Sp. Pl. 1: 142. 1753 ,.
Plants 8–30 cm, herbaceous; rhizomes thick, short; rosettes sometimes clumped, vegetative parts efarinose but often pubescent. Leaves not aromatic, indistinctly or abruptly petiolate; petiole winged; blade with deep reticulate veins abaxially, ovate to ovate-oblong, 5–20 × 2–6 cm, thin, membranaceous in age, margins coarsely toothed, apex acute to obtuse, surfaces pubescent, hairs simple. Inflorescences 5–16-flowered; involucral bracts plane, unequal. Pedicels erect to drooping, moderately thick, 3–20 mm, length 1–3 times bracts, flexuous. Flowers heterostylous; calyx pale green, broadly campanulate, 0.8–2 cm; corolla yellow, with orange spots at base of lobes, tube 8–20 mm, length to 1 times calyx, eglandular, limb 8–28 mm diam., lobes 8–14 mm, apex slightly emarginate to distinctly notched.

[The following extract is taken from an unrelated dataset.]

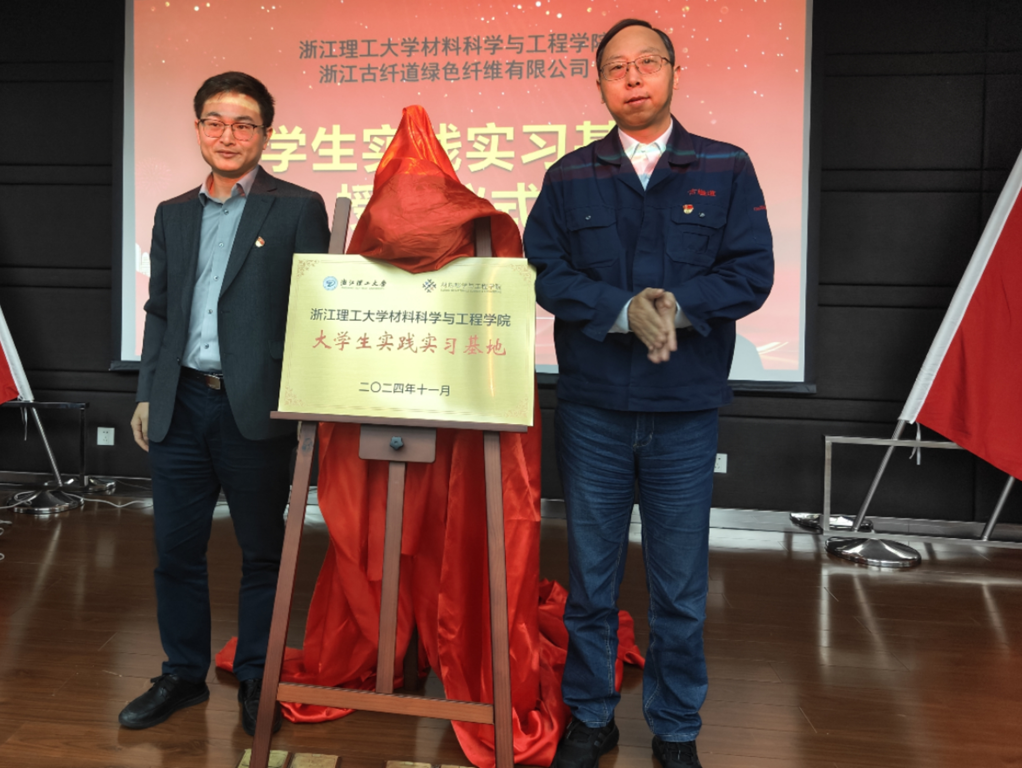 联建环节,无码a片 与浙江古纤道绿色纤维有限公司共建“大学生实践实习基地”,浙江古纤道绿色纤维有限公司总经理马建平与全国党建工作样板支部——无码a片 高分子材料系教工党支部书记陈世昌共同揭牌。周照东代表无码a片 对大学生实践实习基地在古纤道的落地表示感谢和祝贺,并表示实践实习是无码a片 学生人才培养的重要组成部分,相信通过校企合作、协同育人,能够充分发挥产教融合育人优势,携手共同培养适应企业需求的高素质复合型人才。

Capsules ovoid, length to 1 times calyx. Seeds without flanged edges, minutely vesiculate. 2n = 22 (Europe).
Phenology: Flowering spring.
Habitat: Meadows and pastures, persisting around old gardens and homesteads, apparently substantially spreading and naturalized
Elevation: 0-1000 m
Introduced; B.C., N.B., Nfld. and Labr. (Nfld.), N.S., Ont., Que., Conn., Maine, Mass., Mich., N.Y., Europe.
Primula veris shows exceptional morphological variation in Europe, with multiple specific and infraspecific names. It is a popular garden plant both here and in Europe; horticultural varieties abound and are almost certainly represented among the records from North America.